Give again the lines of the data from its first line through the line with "New York cap: Vintage-washed". Change nothing.

Source material:
##########

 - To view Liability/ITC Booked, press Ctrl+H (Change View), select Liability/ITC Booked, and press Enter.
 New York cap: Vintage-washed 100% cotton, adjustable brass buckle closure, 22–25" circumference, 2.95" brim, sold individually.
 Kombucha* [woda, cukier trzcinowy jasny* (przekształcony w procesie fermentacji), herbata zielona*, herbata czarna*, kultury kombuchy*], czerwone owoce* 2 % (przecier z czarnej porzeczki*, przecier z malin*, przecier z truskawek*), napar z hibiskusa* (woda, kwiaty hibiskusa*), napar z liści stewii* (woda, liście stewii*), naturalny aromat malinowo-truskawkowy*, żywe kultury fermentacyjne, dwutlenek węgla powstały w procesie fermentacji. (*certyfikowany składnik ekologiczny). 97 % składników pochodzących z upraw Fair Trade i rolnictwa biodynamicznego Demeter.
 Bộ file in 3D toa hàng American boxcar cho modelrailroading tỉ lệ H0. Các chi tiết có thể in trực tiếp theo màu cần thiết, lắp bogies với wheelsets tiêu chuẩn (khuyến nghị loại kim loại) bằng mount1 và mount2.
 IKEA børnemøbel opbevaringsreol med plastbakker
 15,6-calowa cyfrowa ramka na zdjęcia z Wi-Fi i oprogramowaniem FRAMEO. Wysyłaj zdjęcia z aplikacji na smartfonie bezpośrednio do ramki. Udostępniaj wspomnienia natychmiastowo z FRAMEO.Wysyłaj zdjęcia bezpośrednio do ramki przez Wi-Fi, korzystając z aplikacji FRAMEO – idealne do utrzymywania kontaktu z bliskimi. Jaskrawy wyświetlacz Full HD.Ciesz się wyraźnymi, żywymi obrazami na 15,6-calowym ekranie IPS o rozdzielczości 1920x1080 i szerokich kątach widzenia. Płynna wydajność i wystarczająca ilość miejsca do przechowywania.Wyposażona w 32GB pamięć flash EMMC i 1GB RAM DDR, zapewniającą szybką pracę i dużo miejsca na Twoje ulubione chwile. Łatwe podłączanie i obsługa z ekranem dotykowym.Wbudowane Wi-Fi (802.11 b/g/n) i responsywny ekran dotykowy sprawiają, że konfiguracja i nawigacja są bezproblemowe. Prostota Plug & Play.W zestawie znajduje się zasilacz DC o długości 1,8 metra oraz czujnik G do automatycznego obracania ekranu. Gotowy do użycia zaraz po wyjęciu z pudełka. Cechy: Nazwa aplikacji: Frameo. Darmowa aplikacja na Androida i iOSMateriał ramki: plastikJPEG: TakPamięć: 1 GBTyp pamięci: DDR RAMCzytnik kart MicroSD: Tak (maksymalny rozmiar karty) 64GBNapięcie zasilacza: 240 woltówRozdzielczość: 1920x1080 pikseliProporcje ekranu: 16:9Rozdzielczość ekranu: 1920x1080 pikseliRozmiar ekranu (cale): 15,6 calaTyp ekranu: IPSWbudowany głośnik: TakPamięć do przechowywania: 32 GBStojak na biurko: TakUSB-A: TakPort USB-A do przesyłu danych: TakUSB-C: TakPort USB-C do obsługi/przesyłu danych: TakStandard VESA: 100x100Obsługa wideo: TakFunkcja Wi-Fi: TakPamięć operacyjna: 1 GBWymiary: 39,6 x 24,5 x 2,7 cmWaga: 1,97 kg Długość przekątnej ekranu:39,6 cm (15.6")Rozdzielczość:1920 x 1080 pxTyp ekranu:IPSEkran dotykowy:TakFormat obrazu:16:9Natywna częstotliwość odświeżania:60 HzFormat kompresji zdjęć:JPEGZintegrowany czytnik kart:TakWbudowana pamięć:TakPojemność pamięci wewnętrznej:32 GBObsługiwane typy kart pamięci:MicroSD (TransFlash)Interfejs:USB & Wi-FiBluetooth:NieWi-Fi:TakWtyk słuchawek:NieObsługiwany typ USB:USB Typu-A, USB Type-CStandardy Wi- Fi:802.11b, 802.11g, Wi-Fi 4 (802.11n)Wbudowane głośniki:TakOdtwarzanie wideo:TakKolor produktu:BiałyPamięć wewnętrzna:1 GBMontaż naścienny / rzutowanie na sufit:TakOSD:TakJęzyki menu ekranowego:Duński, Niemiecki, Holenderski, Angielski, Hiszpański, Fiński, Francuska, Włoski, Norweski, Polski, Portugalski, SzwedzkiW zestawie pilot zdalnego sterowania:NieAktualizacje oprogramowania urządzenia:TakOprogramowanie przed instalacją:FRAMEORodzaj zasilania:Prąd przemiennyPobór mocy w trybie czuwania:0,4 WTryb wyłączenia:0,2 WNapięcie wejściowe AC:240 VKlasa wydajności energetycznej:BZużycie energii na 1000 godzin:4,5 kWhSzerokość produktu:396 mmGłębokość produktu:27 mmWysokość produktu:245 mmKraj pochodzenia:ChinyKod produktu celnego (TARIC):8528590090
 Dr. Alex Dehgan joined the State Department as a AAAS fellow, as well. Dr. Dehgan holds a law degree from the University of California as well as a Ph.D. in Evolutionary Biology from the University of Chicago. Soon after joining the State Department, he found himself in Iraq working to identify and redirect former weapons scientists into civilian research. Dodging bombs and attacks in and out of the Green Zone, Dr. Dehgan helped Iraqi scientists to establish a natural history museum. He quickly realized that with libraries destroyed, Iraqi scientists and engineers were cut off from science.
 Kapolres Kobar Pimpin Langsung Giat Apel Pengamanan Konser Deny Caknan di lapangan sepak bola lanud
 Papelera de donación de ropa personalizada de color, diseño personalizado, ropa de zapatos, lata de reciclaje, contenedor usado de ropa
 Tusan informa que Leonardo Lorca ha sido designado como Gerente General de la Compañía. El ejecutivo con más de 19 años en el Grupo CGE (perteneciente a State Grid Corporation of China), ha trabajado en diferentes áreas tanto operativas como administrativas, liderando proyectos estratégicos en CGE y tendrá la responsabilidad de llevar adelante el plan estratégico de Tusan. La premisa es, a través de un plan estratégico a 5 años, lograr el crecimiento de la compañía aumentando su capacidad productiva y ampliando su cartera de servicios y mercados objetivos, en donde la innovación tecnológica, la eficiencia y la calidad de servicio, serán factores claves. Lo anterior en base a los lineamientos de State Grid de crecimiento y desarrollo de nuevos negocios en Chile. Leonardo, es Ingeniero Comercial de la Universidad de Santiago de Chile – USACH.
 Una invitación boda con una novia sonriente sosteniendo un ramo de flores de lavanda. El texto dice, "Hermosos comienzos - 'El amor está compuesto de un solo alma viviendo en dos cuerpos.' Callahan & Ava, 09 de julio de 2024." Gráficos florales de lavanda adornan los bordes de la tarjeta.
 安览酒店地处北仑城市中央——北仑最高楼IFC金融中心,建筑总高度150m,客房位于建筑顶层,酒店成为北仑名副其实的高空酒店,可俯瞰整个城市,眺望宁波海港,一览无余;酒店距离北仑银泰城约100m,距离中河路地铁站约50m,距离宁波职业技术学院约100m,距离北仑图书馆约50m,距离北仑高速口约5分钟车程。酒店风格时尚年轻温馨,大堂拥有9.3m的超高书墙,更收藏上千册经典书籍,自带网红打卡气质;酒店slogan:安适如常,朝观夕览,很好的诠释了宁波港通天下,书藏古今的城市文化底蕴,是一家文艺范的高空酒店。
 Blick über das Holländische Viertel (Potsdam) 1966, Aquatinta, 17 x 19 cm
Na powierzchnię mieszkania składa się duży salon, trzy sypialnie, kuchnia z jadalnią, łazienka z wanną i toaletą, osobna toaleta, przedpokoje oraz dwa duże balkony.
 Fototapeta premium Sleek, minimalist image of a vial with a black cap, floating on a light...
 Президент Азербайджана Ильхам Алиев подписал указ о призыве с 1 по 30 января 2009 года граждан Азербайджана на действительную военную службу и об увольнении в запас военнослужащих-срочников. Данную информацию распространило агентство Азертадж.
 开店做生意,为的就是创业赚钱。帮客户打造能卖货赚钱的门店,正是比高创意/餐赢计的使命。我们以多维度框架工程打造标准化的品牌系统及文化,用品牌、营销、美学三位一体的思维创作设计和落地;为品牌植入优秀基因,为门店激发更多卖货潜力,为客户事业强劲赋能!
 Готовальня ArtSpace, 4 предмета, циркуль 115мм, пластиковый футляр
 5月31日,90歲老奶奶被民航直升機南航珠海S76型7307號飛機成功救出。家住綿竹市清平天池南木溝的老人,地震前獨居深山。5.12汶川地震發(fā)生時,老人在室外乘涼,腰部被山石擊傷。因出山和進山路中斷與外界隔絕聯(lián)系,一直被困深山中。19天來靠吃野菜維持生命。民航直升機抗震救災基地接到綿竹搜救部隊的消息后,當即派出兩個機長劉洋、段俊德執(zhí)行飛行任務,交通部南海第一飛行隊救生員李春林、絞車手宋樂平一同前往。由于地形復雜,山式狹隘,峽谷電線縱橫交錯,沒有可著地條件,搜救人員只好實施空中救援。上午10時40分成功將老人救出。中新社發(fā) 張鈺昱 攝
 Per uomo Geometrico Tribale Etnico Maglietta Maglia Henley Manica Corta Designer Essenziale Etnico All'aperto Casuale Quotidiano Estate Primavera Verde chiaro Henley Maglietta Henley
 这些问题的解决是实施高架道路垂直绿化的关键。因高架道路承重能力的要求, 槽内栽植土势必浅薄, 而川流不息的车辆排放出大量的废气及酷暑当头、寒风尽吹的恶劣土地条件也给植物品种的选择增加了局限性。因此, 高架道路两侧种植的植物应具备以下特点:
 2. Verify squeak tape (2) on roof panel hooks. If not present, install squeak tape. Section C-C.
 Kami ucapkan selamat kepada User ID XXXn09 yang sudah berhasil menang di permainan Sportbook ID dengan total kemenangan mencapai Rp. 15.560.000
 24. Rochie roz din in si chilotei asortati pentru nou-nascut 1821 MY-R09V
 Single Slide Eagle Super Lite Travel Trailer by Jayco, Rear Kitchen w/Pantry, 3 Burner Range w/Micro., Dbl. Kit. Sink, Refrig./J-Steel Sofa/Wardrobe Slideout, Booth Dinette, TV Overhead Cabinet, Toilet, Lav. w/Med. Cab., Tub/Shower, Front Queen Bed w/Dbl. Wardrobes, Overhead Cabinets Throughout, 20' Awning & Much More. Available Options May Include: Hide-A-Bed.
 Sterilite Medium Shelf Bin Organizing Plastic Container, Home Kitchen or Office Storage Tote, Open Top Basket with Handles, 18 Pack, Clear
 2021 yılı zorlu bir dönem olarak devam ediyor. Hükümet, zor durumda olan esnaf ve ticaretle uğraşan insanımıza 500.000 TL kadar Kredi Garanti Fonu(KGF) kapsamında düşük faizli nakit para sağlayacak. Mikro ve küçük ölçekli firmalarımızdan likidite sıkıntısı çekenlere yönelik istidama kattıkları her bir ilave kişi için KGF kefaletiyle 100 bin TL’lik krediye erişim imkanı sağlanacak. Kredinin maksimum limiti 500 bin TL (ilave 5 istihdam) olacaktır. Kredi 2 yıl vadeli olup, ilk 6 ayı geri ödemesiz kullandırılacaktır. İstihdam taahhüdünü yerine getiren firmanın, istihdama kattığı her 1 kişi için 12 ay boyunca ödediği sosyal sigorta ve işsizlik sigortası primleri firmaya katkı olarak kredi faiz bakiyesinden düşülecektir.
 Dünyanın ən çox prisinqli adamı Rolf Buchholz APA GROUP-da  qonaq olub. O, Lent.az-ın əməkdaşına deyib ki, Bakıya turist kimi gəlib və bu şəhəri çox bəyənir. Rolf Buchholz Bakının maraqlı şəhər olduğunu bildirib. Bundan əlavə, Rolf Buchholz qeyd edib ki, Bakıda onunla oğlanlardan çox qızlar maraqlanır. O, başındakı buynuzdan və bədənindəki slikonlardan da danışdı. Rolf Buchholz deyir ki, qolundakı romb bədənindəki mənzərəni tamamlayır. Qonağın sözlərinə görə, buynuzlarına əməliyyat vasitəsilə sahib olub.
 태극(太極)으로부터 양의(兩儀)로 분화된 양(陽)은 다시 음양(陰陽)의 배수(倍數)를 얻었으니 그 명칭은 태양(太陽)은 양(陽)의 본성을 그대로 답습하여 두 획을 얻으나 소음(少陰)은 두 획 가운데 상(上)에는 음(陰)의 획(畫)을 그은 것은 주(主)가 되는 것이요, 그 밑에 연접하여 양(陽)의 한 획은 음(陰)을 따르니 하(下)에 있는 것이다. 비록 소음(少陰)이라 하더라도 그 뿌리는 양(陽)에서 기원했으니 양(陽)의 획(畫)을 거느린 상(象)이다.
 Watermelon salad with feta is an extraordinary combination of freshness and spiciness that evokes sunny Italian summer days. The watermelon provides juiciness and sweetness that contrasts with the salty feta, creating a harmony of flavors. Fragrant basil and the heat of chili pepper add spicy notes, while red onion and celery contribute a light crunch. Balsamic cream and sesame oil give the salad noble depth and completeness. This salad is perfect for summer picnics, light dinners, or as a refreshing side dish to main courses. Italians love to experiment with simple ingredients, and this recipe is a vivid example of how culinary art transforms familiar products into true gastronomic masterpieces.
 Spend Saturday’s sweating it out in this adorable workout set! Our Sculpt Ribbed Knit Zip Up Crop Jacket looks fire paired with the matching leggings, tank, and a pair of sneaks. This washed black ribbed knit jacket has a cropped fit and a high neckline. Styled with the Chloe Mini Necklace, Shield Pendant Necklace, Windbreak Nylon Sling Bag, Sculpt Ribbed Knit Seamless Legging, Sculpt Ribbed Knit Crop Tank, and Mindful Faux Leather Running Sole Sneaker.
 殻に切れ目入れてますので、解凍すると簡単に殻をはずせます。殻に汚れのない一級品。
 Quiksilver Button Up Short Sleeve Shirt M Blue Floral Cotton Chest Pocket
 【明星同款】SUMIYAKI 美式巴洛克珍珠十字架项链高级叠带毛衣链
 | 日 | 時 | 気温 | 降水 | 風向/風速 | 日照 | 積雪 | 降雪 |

##########

Answer to this exercise:
 - To view Liability/ITC Booked, press Ctrl+H (Change View), select Liability/ITC Booked, and press Enter.
 New York cap: Vintage-washed 100% cotton, adjustable brass buckle closure, 22–25" circumference, 2.95" brim, sold individually.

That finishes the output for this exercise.